### WORK TASK
Omit every picture and return the rest of the data unaltered.

### INFORMATION PROVIDED
- Opening Delimiter -

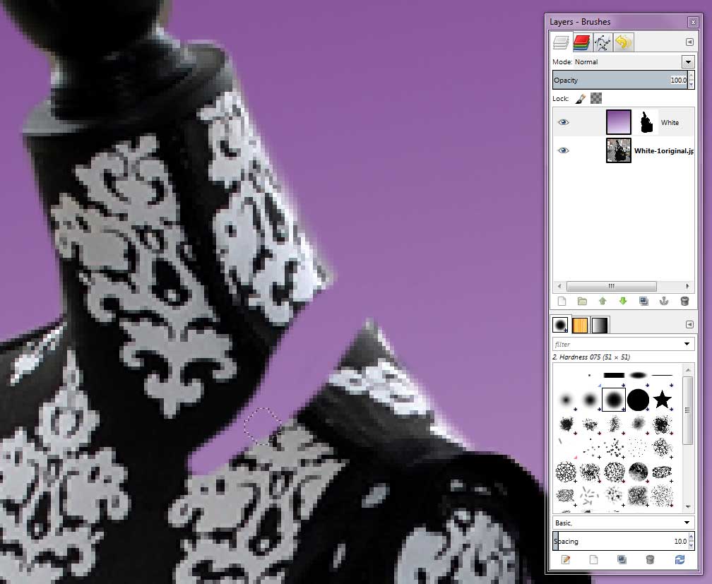 Now, you may be wondering, if I'm just making a selection by clicking and connecting the spots between the clicks using the SHIFT button, why is this any different than using the polygonal lasso? Well, it's not all that much different. The thing is, using a brush in quick mask gives me a more gentle curve because the brush is round while a polygonal lasso creates sharp points. Depending on what you're doing, one might be better than the other. For example, I don't want a pointy bust on this dress form - that's just not very attractive. I may want a crisp corner on the bag's top edge, however. If I am editing a photo of jewelry with lots of perfectly round beads, I definitely want to use quick mask because I can set the brush size to be the same size as the beads - then I only have to click on each bead once to get a perfectly round edge around each one.
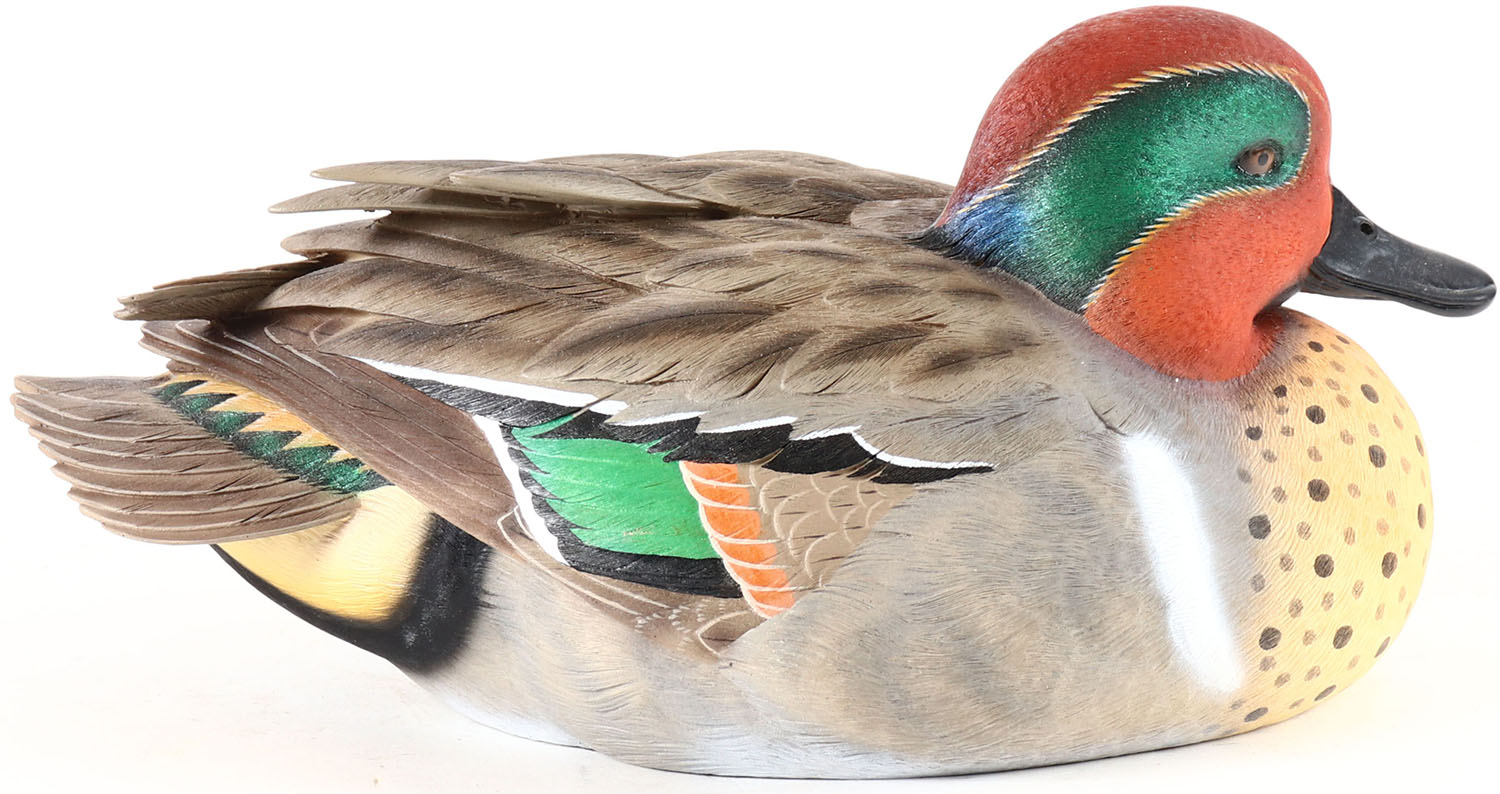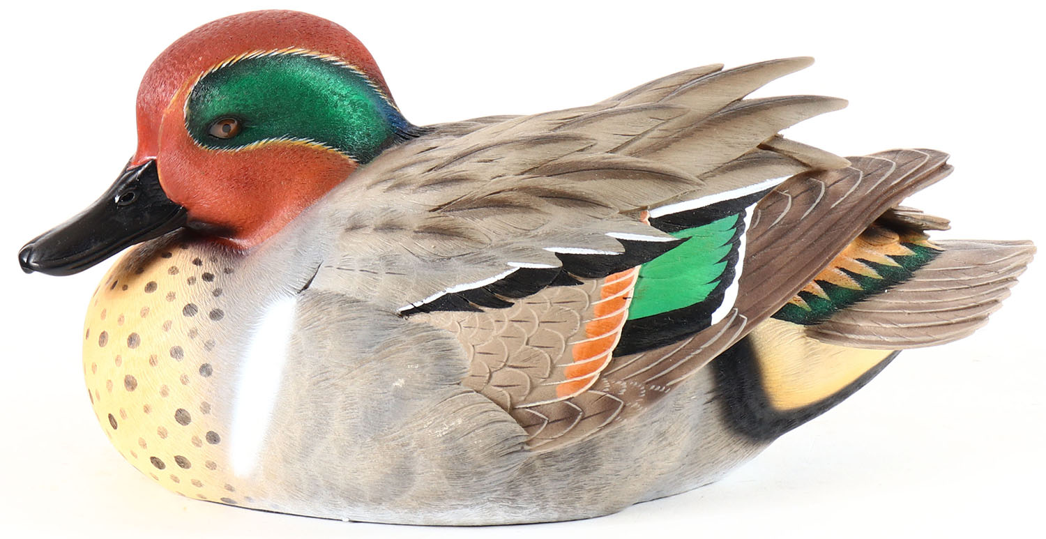 Green Winged Teal Drake by Ducks Unlimited, glass eyes, solid wood, original paint, structurally excellent, branded by DUCKS UNLIMITED on bottom. Grade: MINT - Value: 20 to 60
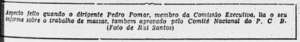 Na verdade, o PCB continuava tateando o caminho da democratização, pisando leve a cada passo em um terreno ainda minado pelos remanescentes do nazi-fascismo. Pedro Pomar lembrou que as recomendações do Informe de João Amazonas no “Pleno da Vitória” estavam em plena vigência. Contudo, jamais os comunistas hastearam a bandeira branca ou ensarilharam as armas. “Nunca fomos nem somos contra as greves. Tratava-se, como ainda se trata, de evitar provocações e agitações sem sentido. Mas ficar de braços cruzados diante de salários de fome e de condições de trabalho desumanas nunca foi orientação de nosso Partido”, enfatizou. E enumerou mais uma série de diretivas que deveriam guiar a ação dos comunistas no movimento sindical.
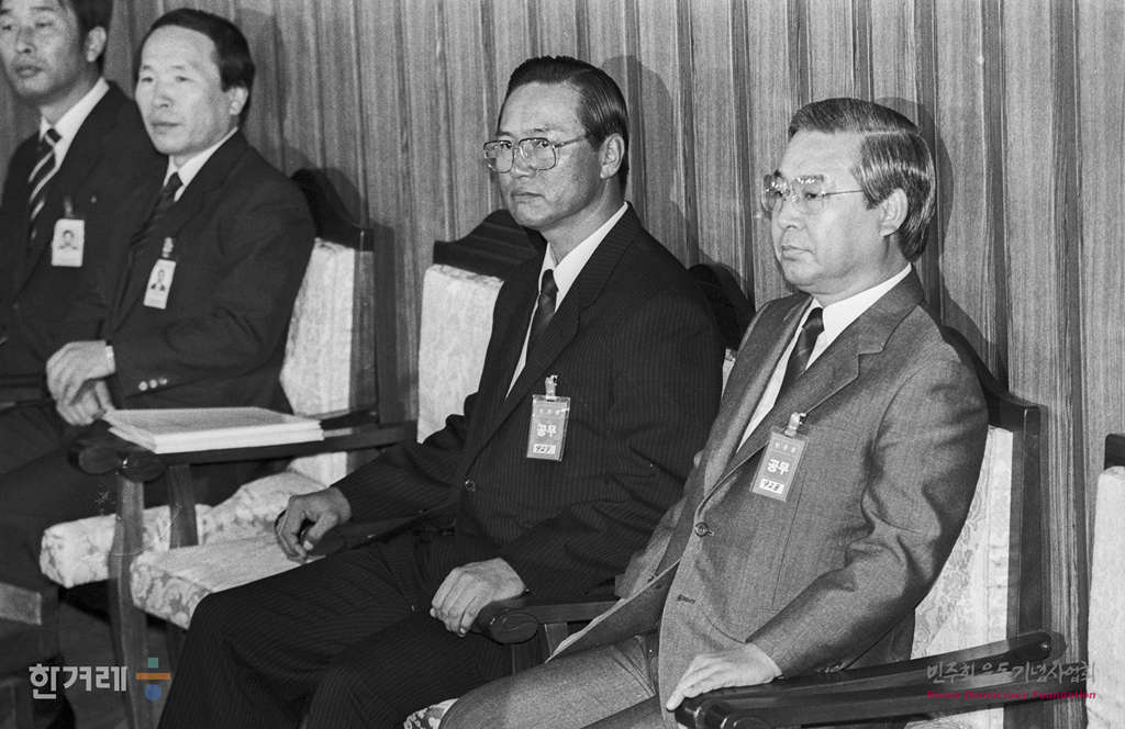 - 1988년 11월 7일 국회 제5공화국 비리조사 특위( 위원장 이기택 )는 일해재단 비리조사를 위한 2차 청문회를 열고 장세동( 전 청와대 경호실장, 안기부장)씨에 대한 증인신문을 하고 있다.

- Closing Delimiter -

### ANSWER TO THIS EXERCISE
 Now, you may be wondering, if I'm just making a selection by clicking and connecting the spots between the clicks using the SHIFT button, why is this any different than using the polygonal lasso? Well, it's not all that much different. The thing is, using a brush in quick mask gives me a more gentle curve because the brush is round while a polygonal lasso creates sharp points. Depending on what you're doing, one might be better than the other. For example, I don't want a pointy bust on this dress form - that's just not very attractive. I may want a crisp corner on the bag's top edge, however. If I am editing a photo of jewelry with lots of perfectly round beads, I definitely want to use quick mask because I can set the brush size to be the same size as the beads - then I only have to click on each bead once to get a perfectly round edge around each one.
 Green Winged Teal Drake by Ducks Unlimited, glass eyes, solid wood, original paint, structurally excellent, branded by DUCKS UNLIMITED on bottom. Grade: MINT - Value: 20 to 60
 Na verdade, o PCB continuava tateando o caminho da democratização, pisando leve a cada passo em um terreno ainda minado pelos remanescentes do nazi-fascismo. Pedro Pomar lembrou que as recomendações do Informe de João Amazonas no “Pleno da Vitória” estavam em plena vigência. Contudo, jamais os comunistas hastearam a bandeira branca ou ensarilharam as armas. “Nunca fomos nem somos contra as greves. Tratava-se, como ainda se trata, de evitar provocações e agitações sem sentido. Mas ficar de braços cruzados diante de salários de fome e de condições de trabalho desumanas nunca foi orientação de nosso Partido”, enfatizou. E enumerou mais uma série de diretivas que deveriam guiar a ação dos comunistas no movimento sindical.
 - 1988년 11월 7일 국회 제5공화국 비리조사 특위( 위원장 이기택 )는 일해재단 비리조사를 위한 2차 청문회를 열고 장세동( 전 청와대 경호실장, 안기부장)씨에 대한 증인신문을 하고 있다.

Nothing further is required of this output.